At 10:43 PM, Anonymous Anonymous said...

"Obama has an opportunity, through making sound and wise policy on this issue, to resolve 80 or 90% of the problems the US has with the Middle East."

Mr. Cole, would you be so kind as to clarify (or retract) this statement? Are you really saying that our invasion of Iraq (among many other issues) only accounts for 10-20% of "the problems the US has with the Middle East."

I am also curious when you state that Israel is "a great friend of the United States and a country we like and admire on its merits", what are you referring to? Our joint military oppression of Arabs nations? And soon possibly Iran?

 
At 11:31 PM, Blogger daryoush said...

The problem we can't have two state is that it doesn't really make sense. Israel has to be one state, and model of inter-racial/religion harmony in the middle east. Anything else is simply continuation of Colonialist policies that brought so much misery.

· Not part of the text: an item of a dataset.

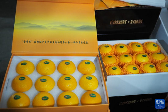 这是12月11日在浙江省庆元县竹口镇黄坛水干果园区内拍摄的分装好的甜桔柚礼盒证星策略。
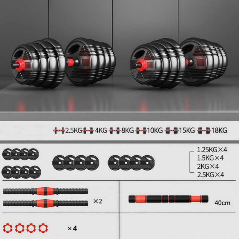 3-in-1 multifunctional dumbbell set: Adjustable dumbbell set, you can get a pair of dumbbells, barbells, kettlebells, which can help you do many exercises, including bench presses, squats, etc., making it suitable for a series of exercises

As a first step may be Palestinians should take a lead. Declare state in all of the west bank and Gazs, then grant full citizenship rights to every settler that wishes to live t here.

 
At 12:20 AM, Anonymous lidia said...

Mohammed Zahir , I agree 100%. But do not forget that prof. Cole's state are virtually the same as Israel - a settler colonialist one. Only USA was able to kill the majority of natives.

 
At 8:23 AM, Anonymous Dan said...

Good post, Juan. Unfortunately some of your readers are still stuck in the mythology of Israel as a white, colonialist state instead of what it really is - a nation of refugees and children of refugees (many from the Arab world).

Until the rest of the world learns to play nice with the Jews, Israel's going to need to remain a Jewish state.

 
At 10:58 AM, Blogger You can call me Elle. said...

"Israeli settlement policy is the Amy Winehouse of foreign affairs."

Brilliant. Thank you Professor Cole. I have named this the Quote of the Decade, and will use it often. (With proper attribution, of course, and with no view for profit.)